/ 22 January 2003

Afghan judge outlaws ‘smutty’ cable television

Afghanistan’s most senior judge outlawed cable television yesterday saying it was against Islam, a decision reminiscent of the Taliban regime.

Fazl Hadi Shinwari, a religious cleric and the new government’s chief justice, said cable television, which now provides foreign news, movie, sports and entertainment channels in Afghanistan, was filled with ”prostitution” and ”nudity”.

”I don’t want such TV in this country,” he said yesterday in Kabul. Some of the programmes shown were ”clearly contrary to Islam and against morality”, he said.

The chief justice also wants to outlaw coeducation. ”I want education for women, but we want men and women not to sit together,” Shinwari said yesterday.

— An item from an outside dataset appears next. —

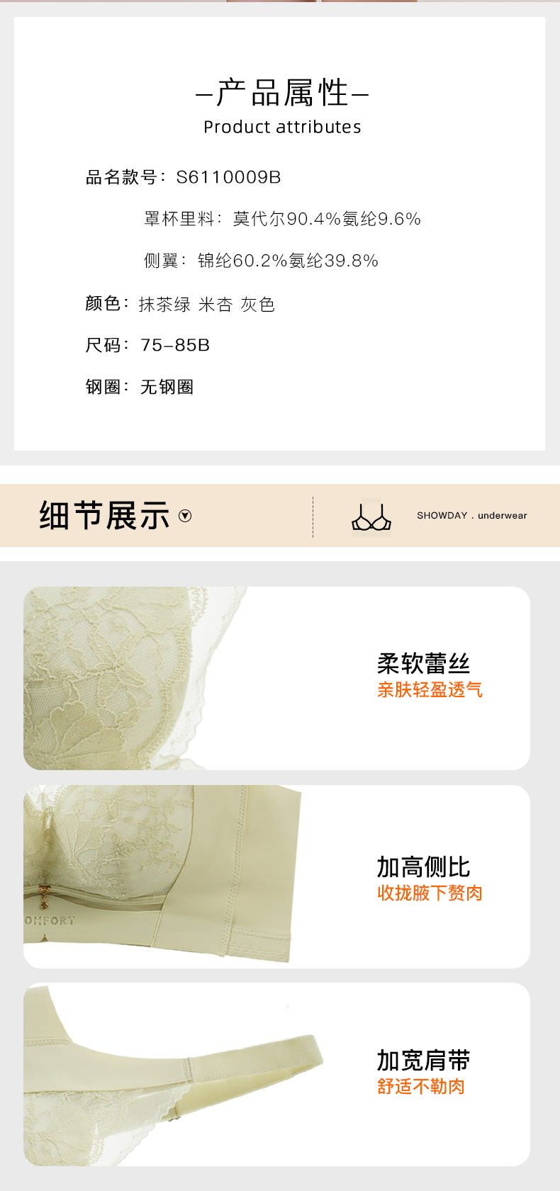 【6.9折限时优惠】【B杯单件】【秀黛】蕾丝新调无钢圈中厚杯文胸S6110009B【门店同款】

In Herat, western Afghanistan, men have been banned from teaching female students. The move has been strongly opposed by aid agencies and human rights groups who say that many girls will miss out on classes because of the shortage of women teachers.

Cable operators were told to shut down their service on Sunday, although direct satellite transmissions, which the Kabul government cannot control, continue unhindered.

Shinwari comes from the same Pashtun tribe as the Taliban and he taught for many years in a madrassah, or religious school, in a conservative area of Pakistan.

Yesterday he said he was unhappy with the ”smut” shown on foreign television channels. Television programmes showing women and men together were acceptable only if they were informative and entertaining, he said.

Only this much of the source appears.